Computational methods enable efficient PASs identification by learning the contexts of PASs motif and discriminating true PASs related DNA sequences from sequences which don’t contain PAS. Ji et al. [1] modified a Generalized Hidden Markov Model (GHMM) to extend the utility of the Hidden Markov Model (HMM) by giving each state multiple observed values such that it can easily be used in describing the organization of gene sequences. With the demonstrated strong empirical performance of the support vector machine (SVM), researchers began to introduced SVM based models in PAS identification. [26, 27] More recently, HSVM [28], derived a set of latent features by HMM and fed features to a SVM for classification, increased the accuracy of poly(A) recognition on a public benchmark, Dragon human dataset [29]. Omni-PolyA [30] further boosted the accuracy of PAS identification by combining multiple classification models, including decision tree, RF, etc. However, even these traditional machine learning models are competent to identify PAS, they have a common drawback that is they are built for specific hand crafted features which are costly and time-consuming to obtain. Therefore, researchers began to seek more general methods to automatically identify PAS from DNA sequences.

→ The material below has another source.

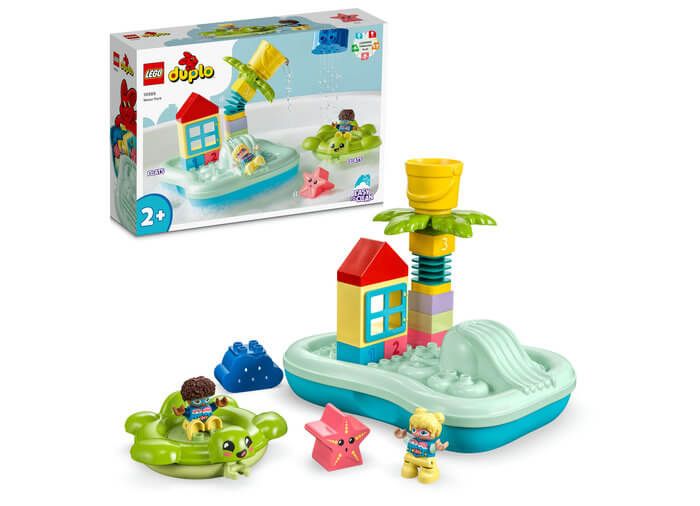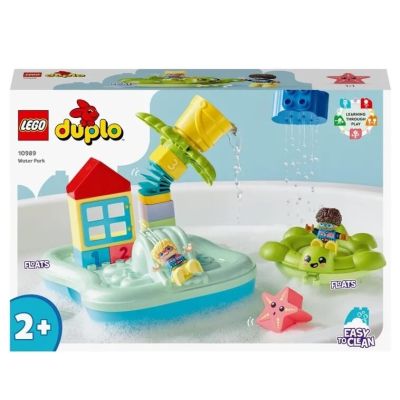 Cauti cea mai buna jucarie de baie pentru copii de 2 ani LEGO DUPLO Orasul meu Parc acvatic 10989 transforma sesiunile de baie in momente distractive de invatare in care copiii exploreaza acest parc acvatic colorat. Acest set le face cunostinta micutilor iubitori de apa cu numerele si le dezvolta abilitatea de a turna lichid. In plus este usor de curatat si de depozitat. Jucarie interactiva cu multe posibilitati de joaca fantezista Aceasta jucarie educativa include un palmier flexibil pe care copiii il pot creste folosind caramizile cu numere 1-2-3. Copiii umplu galeata copacului cu apa pentru a stropi figurina copil. Il pot face pe micut sa se dea pe toboganul cu apa si sa pluteasca cu colacul simpatic in forma de testoasa. Prin umplerea norului copiii il fac sa verse stropi de ploaie pe toate elementele distractive. Design practic pe care parintii il vor adora Jucariile educative de baie LEGO DUPLO sunt concepute sa le permita adultilor sa-i insoteasca pe micuti intr-o calatorie vesela de explorare. Cand ora de baie se incheie acest inel plutitor se deschide astfel ca adultii il pot usca usor pentru a se asigura ca jucaria de baie e perfect curata. Jucarie educativa pentru ora de baie a copiilor - Fa un spectacol din ora de baita cu jucaria Parc acvatic 10989 un set creativ pentru micutii de 2 ani care ii invata sa recunoasca numerele si le dezvolta abilitatile motorii fine Jucarie amuzanta de construit in cadita - Aceasta jucarie de baie include o insula plutitoare si un inel in forma de testoasa un palmier flexibil cu o galeata pentru apa un tobogan-caracatita 2 figurine copii o stea de mare si nori de ploaie Jucarie care dezvolta imaginatia - Copiii capata abilitati si invata numerele in timpul baitei pe cand suprapun caramizi pentru a face copacul sa creasca si exploreaza alaturi de figurina de jucarie dotarile unui parc acvatic Cadou pentru prescolari - Un cadou interactiv pentru copiii de 2 ani si mai mari de ziua de nastere la ocazii speciale sau oricand Construind distractia la ora de baie - Acest set de jucarie masoara 22 cm in inaltime 25 cm in latime si 19 cm in adancime si face parte dintr-o gama de jucarii de baie LEGO DUPLO vandute separat Instructiuni digitale de constructie - Aplicatia LEGO Builder prezinta o versiune digitala a instructiunilor de constructie incluse in set Jucarii pentru copii mici care fac invatarea distractiva - Seturile de jucarii LEGO DUPLO sunt concepute de experti pentru a-i ajuta pe micuti sa atinga etape de dezvoltare si sa-si dezvolte imaginatia in timp ce sunt angrenati in joaca creativa Calitate constanta - Jucariile LEGO DUPLO respecta standardele stricte din domeniu pentru a fi usor de apucat asezat si desfacut de micuti. Se intampla asa din 1969 Siguranta garantata - Caramizile si piesele din seturile LEGO DUPLO sunt analizate si testate la maximum pentru a garanta ca respecta standardele globale exigente de siguranta. Atentie Contraindicat copiilor mai mici de 3 ani. Jucaria produsul poate contine piese mici care se pot inghiti sau inhala existand pericolul de sufocare. Nu lasati ambalajele jucariilor produselor la indemana copiilor. Indepartati orice ambalaj al jucariei produsului inainte de a da jucaria produsul copilului. Va rugam sa supravegheati copilul in timp ce se joaca foloseste acest produs. Pastrati instructiunile si etichetele pentru referinte viitoare. Pastrati jucaria produsul departe de foc feriti jucaria produsul de temperaturi ridicate si umiditate.Specificatii

Deep learning methods have been proposed to automatically learn features of DNA sequences and predict unknown sequences based on learned knowledge. With the increasing popularity of Convolution Neural Network (CNN), DeepPolyA [31] first applied CNN in PAS identification. They proposed a two-convolution-layer model and showed that their model outperformed many other deep learning models in PAS identification in plant Arabidopsis thaliana coding DNA. In 2019, Xia et al. [32] proposed DeeReCT-PolyA, a shallow CNN model mainly consists of one convolution layer, two fully connected layers, and exhibited higher performances compared with previous deep learning models on four public PAS dataset. Later, Kalkatawi et al. [33] built DeepGSR to recognize different types genomic signals and regions, including PAS, in genomic DNA. Recently, Yu et al. [34] developed a self-attention deep learning model and outperforms the state-of-the-art PAS identification methods. However, the datasets availability for training neural networks are often limited in scale; thus it limits the performance of the model. Although Xia et al. [32] extended their pre-train models for a new species or new PAS variants to mitigate the paucity of annotated data, their models required a large amount of annotated sequences from the target species, which hindered their method in practice. DNA sequences from different species may have different gene regulations and functional meanings. We thereby assume that PAS data from different species have different sequence preference (distributions). Traditional computational methods hardly adapt to different species since they are designed to learn hand-crafted features for specific distributions. Domain adaptation (DA), an important field of deep learning, describes how to apply a well-trained deep learning model in a different (but related) target data distribution to address same tasks. Domain generalization (DG), as a variant of DA, further improves the generalization of a model for requiring no prior knowledge of target data distribution.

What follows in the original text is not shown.